Dan Levy: Great. Thank you. And then, just as a follow-up on the EV side, just two quick ones there. Can you just confirm I know you said you’re overweight to the European and Chinese? China, we’ve obviously seen a lot of uptake, especially from BYD. How should we think about the mix impact if we see outsized exposure from the Chinese? And then can you just confirm that on SVA that that is powertrain agnostic?

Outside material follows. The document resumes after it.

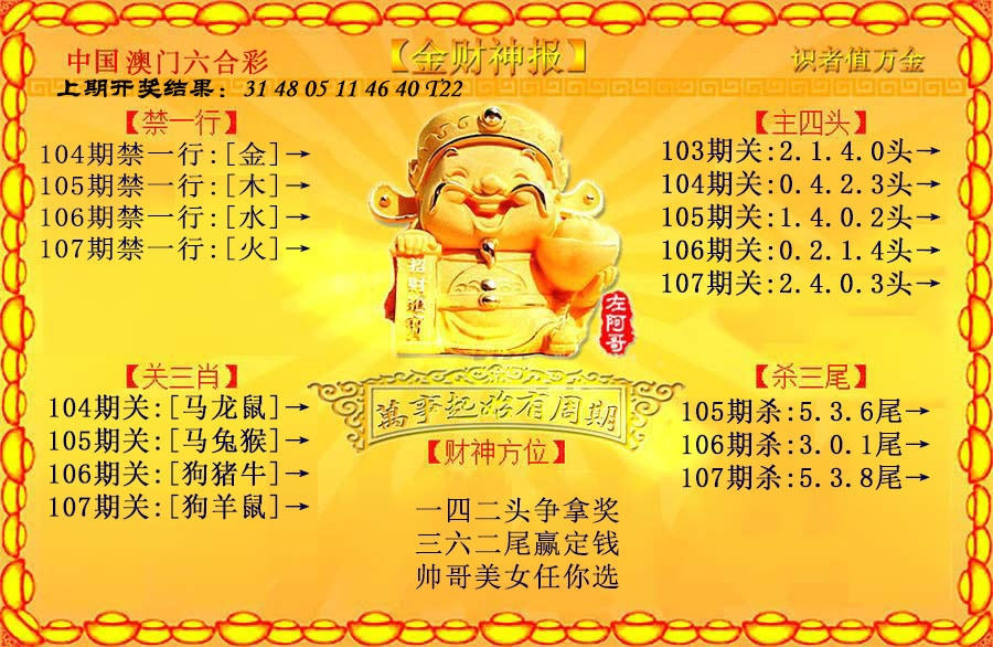 | 105期⑦肖 | 猪狗猴蛇羊龙兔 | 开:兔28准 |
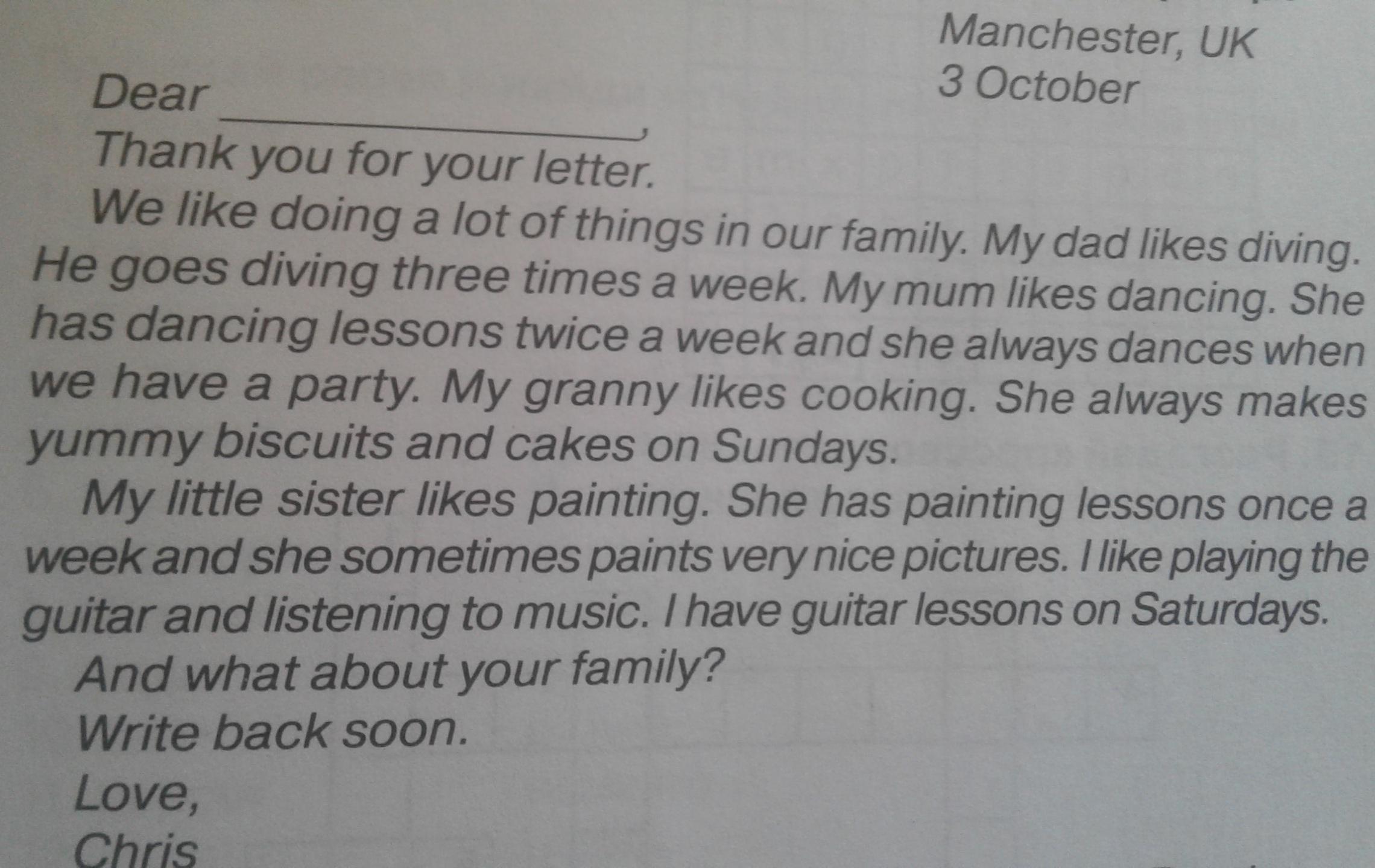 you ve got a letter from your american friend write her a letter and answer his three questions. write 50-60 words.

Kevin Clark: Yes. SVA is powertrain agnostic. It makes more sense if an OEM is rethinking and moving to a BEV platform, that is the time to really it’s an easier time to implement and make that architecture change. But it would be powertrain, overall powertrain agnostic. As it relates to mix of BEV customers, I think it’s relatively awash margins might be a little bit higher on our China OEM partners, given we tend to do more system solutions there. So are able to kind of connect a broader portion of our overall portfolio, but it wouldn’t be significantly different.
Joe Massaro: Yes. Dan, just current revenues and it’s got — it’s changed over the last few years, we’re about 60:40 global versus local OEs. From a revenue perspective today, that would have been north of 75% global, back in the 2018/2019 timeframe. Bookings are running 50:50. So we’d expect that to increase in favor of the locals. And obviously, just given what’s being made over there a lot of that EV.
Kevin Clark: Yes. I think actually, you look at our revenue mix I think 2024; it’s almost 50:50 from a local multinational.
Operator: And I’d like to turn the call back to Mr. Clark for any final remarks.
Kevin Clark: Thank you, Operator. Thank you, everyone. We appreciate you taking your time this morning. Please let us know if you have any further questions. Thank you.
Operator: Thank you. Ladies and gentlemen, that does conclude today’s conference. We appreciate your participation. Have a wonderful day.